Bela Support for BBAI/Later Ti-Chips

This Topic aims to discuss everything related to providing the support for Bela Cape and Software to be compatible with the BBAI/ and later Ti Chips.

Proposal link: BeagleBoard/GSoC/2021 Proposal/bela on bbai - eLinux.org
Mentor: @giuliomoro

As mentioned in my proposal,

I will need to change the initialization code in PRU.cpp that is currently relying on lib prussdrv and move to rproc .
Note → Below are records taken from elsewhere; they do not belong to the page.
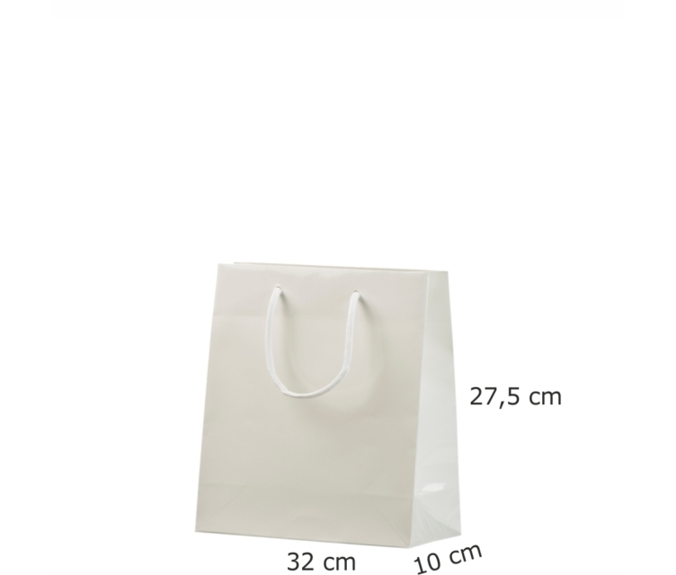 Valikus 9 erineva suurusega valget värvi, läikiva laminaadiga, käsitööna valmistatud paberkotte: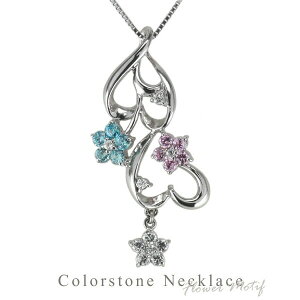K18ゴールド/SVチェーン可憐なフラワーモチーフ カラーストーンネックレス 可憐なフラワーモチーフのカラーストーンネックレスです。 ブルートパーズとピンクサファイアの優しい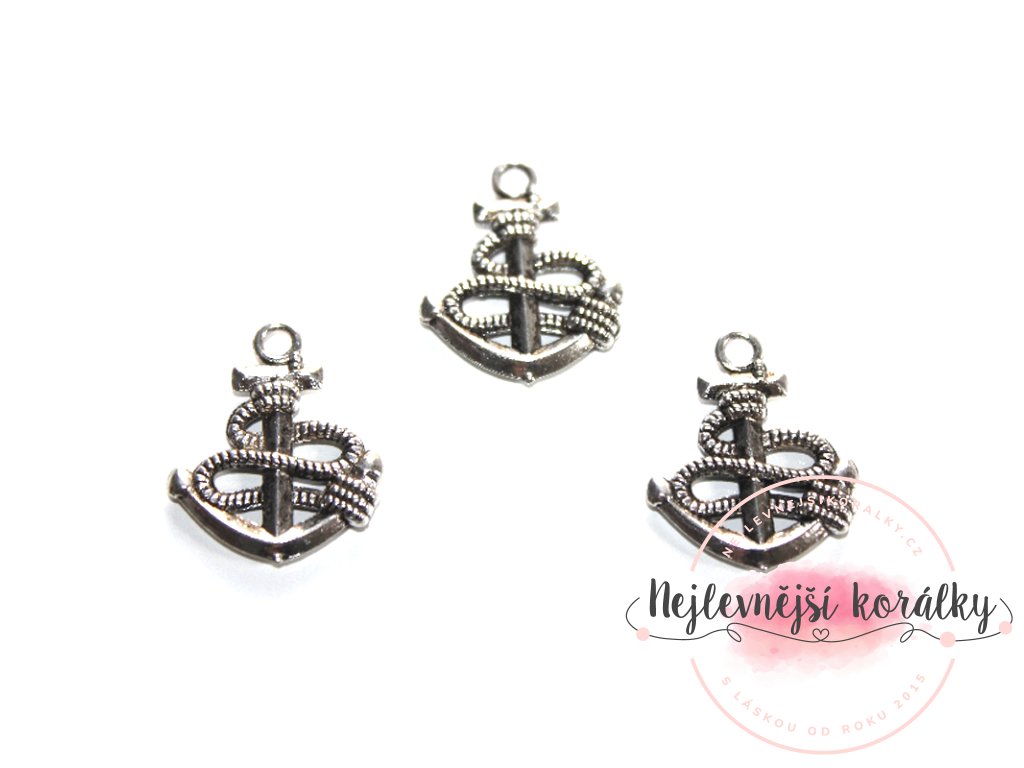 Kovový přívěsek ve tvaru kotvy o výšce 24 mm, šířce 19 mm, hloubce 3 mm s velikostí průvleku 3 mm.

I was unsure then, if rproc provides some functionalities to access the PRU’s RAM the way prussdrv_map_prumem() used to.
After some digging online, I came across remoteproc.txt, which describes the User API. After going through, I looked up @Pratim_Ugale 's informative blog on RPMsg. In the refer. of the blog, I then found rpmsg.txt that describes how to write rpmsg drivers. It says,

Rpmsg is a virtio-based messaging bus that allows kernel drivers to communicate
with remote processors available on the system. In turn, drivers could then
expose appropriate user space interfaces, if needed.

and it also describes it’s User API.

Upon further lookup, I stumbled across am335x-pru-and-c-c-compiler-memory-access which then led me to rpmsg-quick-start-guide-wiki where I found this zip file. It says,

RPMsg is a method of passing messages and data between the PRU cores and the ARM core running Linux in Texas Instruments’ Sitara devices (currently supported in AM335x, AM437x, AM572x, and K2G). RPMsg is enabled by a combination of remoteproc and the virtio framework.
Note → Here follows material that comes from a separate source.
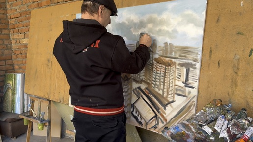 Подмалевок. Грозный, район старого рынка, масло/холст 100 на 140 см. Зилавди Яшуркаев.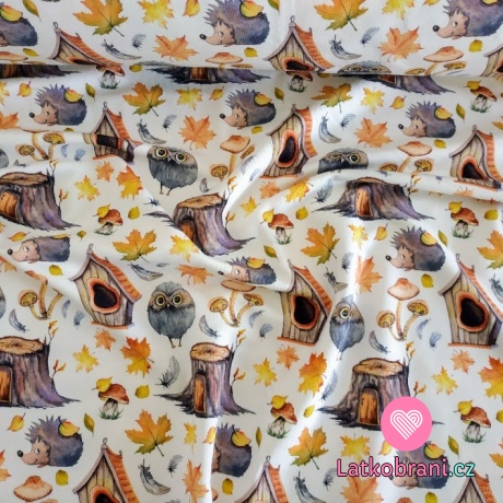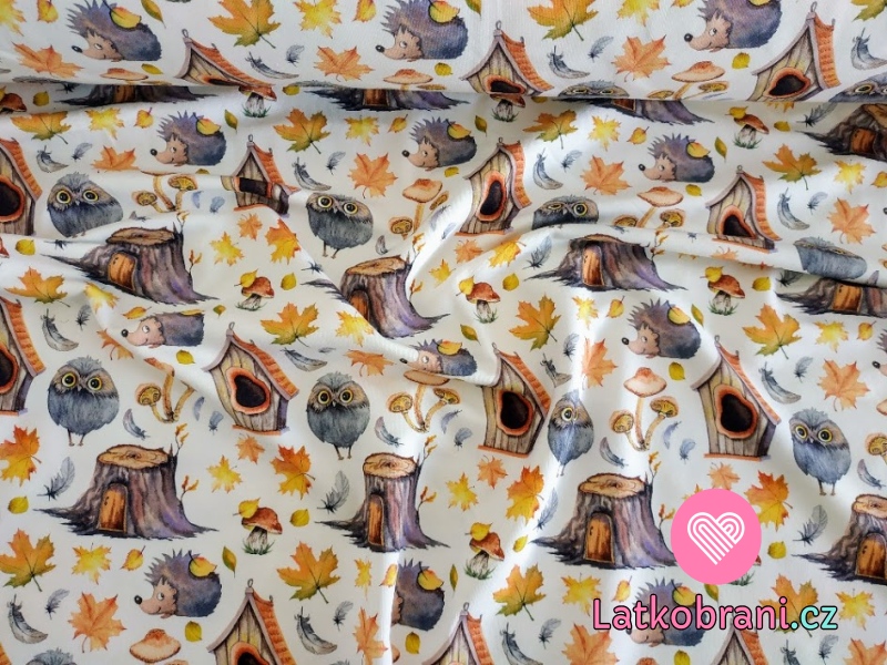 Teplákovina potisk sovička, ježeček mezi pařezy a podzimní listí

For more information, I visited Foundational_Components_PRU-ICSS_PRU_ICSSG which covers the software aspects of getting started on the PRU-ICSS and the PRU_ICSSG.

I just wanted to ask the mentors if I am headed in the right direction or not?
Once I get their approval, I will start detailed study of RPMsg and the Foundational_Components_PRU-ICSS_PRU_ICSSG .
I am also not very clear on where exactly should I start? Should I start going through the Bela Core and understand all the headers and source files, or should I start studying how to write device tree overlays to write one for the Bela Cape? Or should I study about what I have just described above in more depth and try to convert the PRU.cpp code to use RProc?
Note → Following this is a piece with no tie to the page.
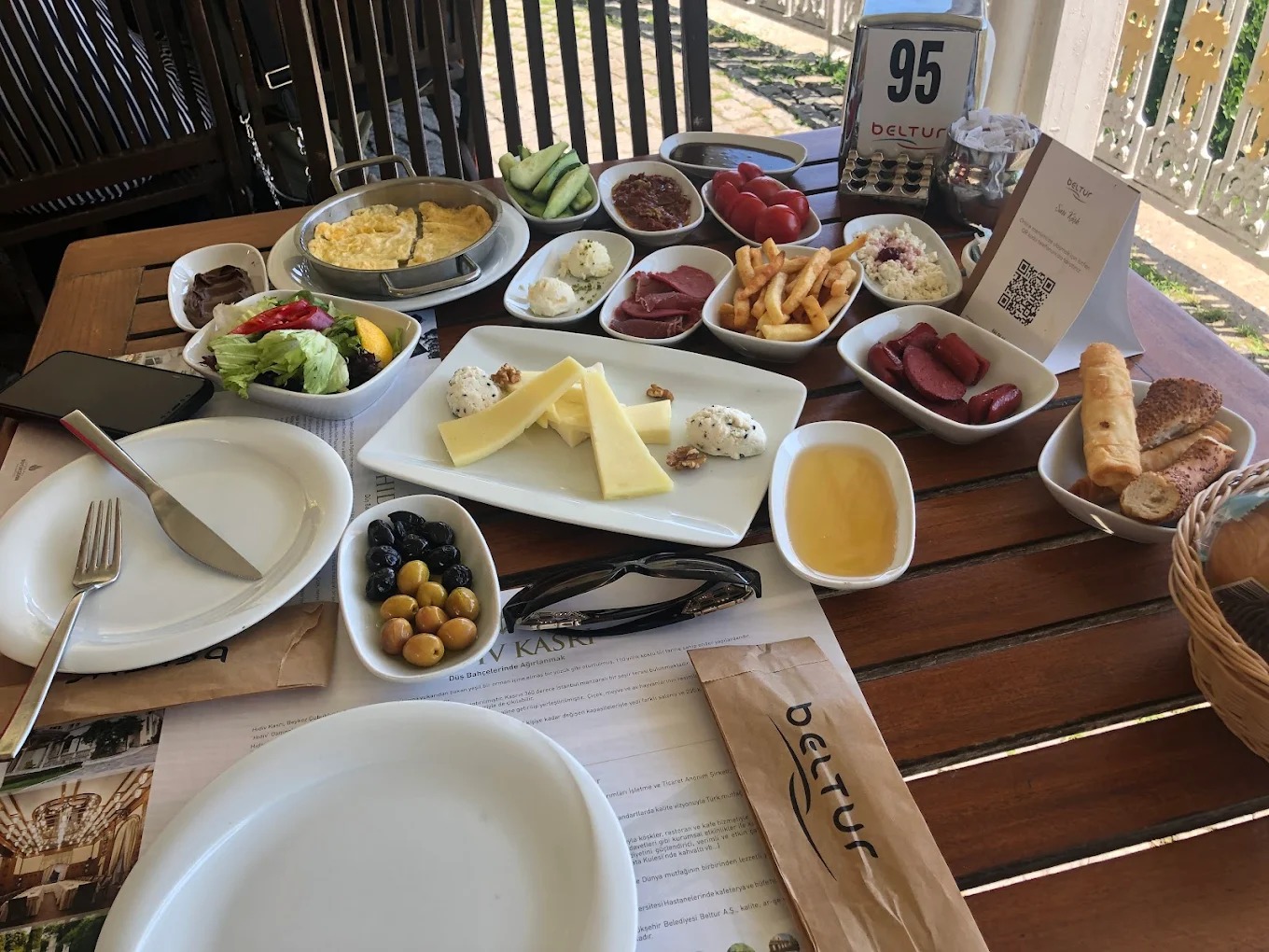 Outdoor terrace seating with Bosphorus views

I think the easiest way to do this is to replicate the mmap approach that is used under the hood by libprussdrv. This if for a few reasons:

  • the code already exists (in the libprussdrv source). We can even thing of keep using libprussdrv for memory sharing purposes, but loading the firmware via rproc.
  • the ARM/PRU interaction is based on shared memory and either PRU->ARM interrupts or ARM polling a flag in PRU RAM. Switching to a message-based protocol like rpmsg would require a rethinking of the architecture, and I don’t think there is scope for it in this project
  • rmpsg from the PRU side will probably need to programmed in C. The current PRU firmware codebase is entirely in assembly.
  • I shall assume that the rpmsg user will go through some non real-time safe paths. Using it from a Xenomai real-time context would require at least to check the driver for such paths and probably rewrite it as rtdm (Xenomai) driver. This could be a massive time sink that I don’t think belongs in this project.

The very first step could be to port the BB-AUDI-02 overlay. This to verify that all the clocks and peripherals are set up appropriately and that the audio runs at the expected pitch. Besides being an achievement in itself, this step ensures we have a reference setup that can be used in troubleshooting later down the line. If helpful, you can use as a reference the commits I made on top of this. Once this is done, you should be able to run the programs in here.
Next step would be to use what you learned in creating the above overlay to port the Bela device tree overlay, which is largely based on the BB-AUDI-02 above.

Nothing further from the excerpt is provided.